Saturday, December 25, 2010

Merry Christmas

There has been a political fight going on in America over the custody of Christmas. Because of the insistence of liberals that the First Amendment to the Constitution should be enforced, courts have been ordering that Nativity scenes be removed from the front of public buildings, and that the religion-specific greeting "Merry Christmas" should be replace with the generic and inclusive "Happy Holidays."

Conservatives, on the other hand, argue that the holiday belongs to Christians and that the efforts to secularize the holiday are assaults not just on religion but on American cultural heritage.

But does December 25th really belong to Christians? Or is "Christmas" just the latest name for a much older, pre-Christian festival? It was the Roman Emperor Constantine who established December 25th for the celebration of Christ's birth, because it was his favorite holiday in honor of the sun god. But there is also the tradition of "Yuletide," which was a festival among Germanic people that took place, according to their lunar calendar, in late December or early January.

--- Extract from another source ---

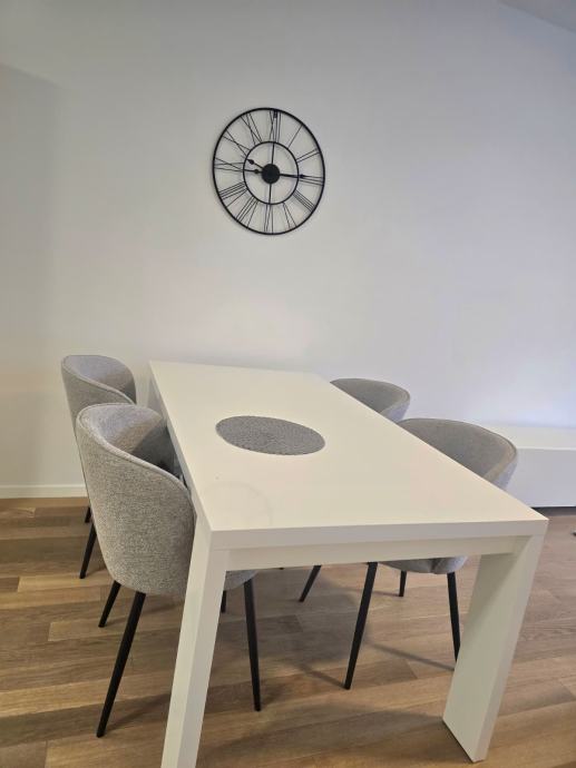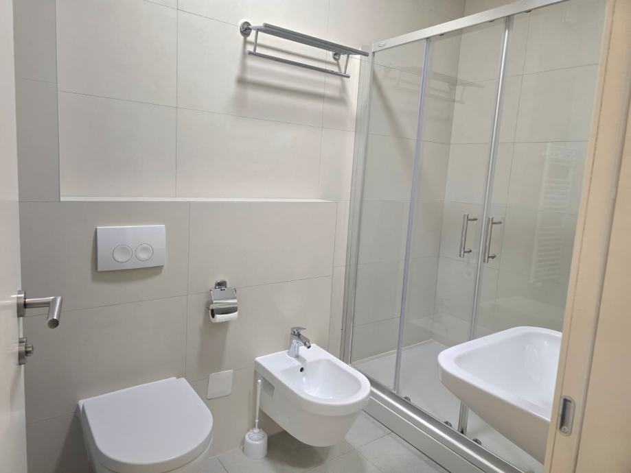 Iznajmljuje se stan u novijoj zgradi, u visokom prizemlju. Stan se sastoji od ulaznog dijela, prostranog otvorenog prostora boravak/blagovaonica/kuhinja, te spavaćeg dijela sa dvije prostrane spavaće sobe i kupaonice. Grijanje je plinsko etažno, a u kupaonici i kuhinji je podno. Stan je kompletno namješten i opremljen, te namijenjen isključivo za dugoročan najam pouzdanim najmoprimcima.

Like so many pagan traditions, gods, and myths, the early Christian church appropriated them in order to attract followers who would otherwise have remained happily pagan. Pagan holy sites were consecrated as Christian sanctuaries, some pagan gods became Christian saints, and certain pagan festivals were incorporated into the Christian calendar as "holy days."

A pagan feast of life and light that was celebrated on the darkest day of the year - the Winter Solstice - as a momentary relief from the cold and gloom was the likeliest origin of what we celebrate on December 25th.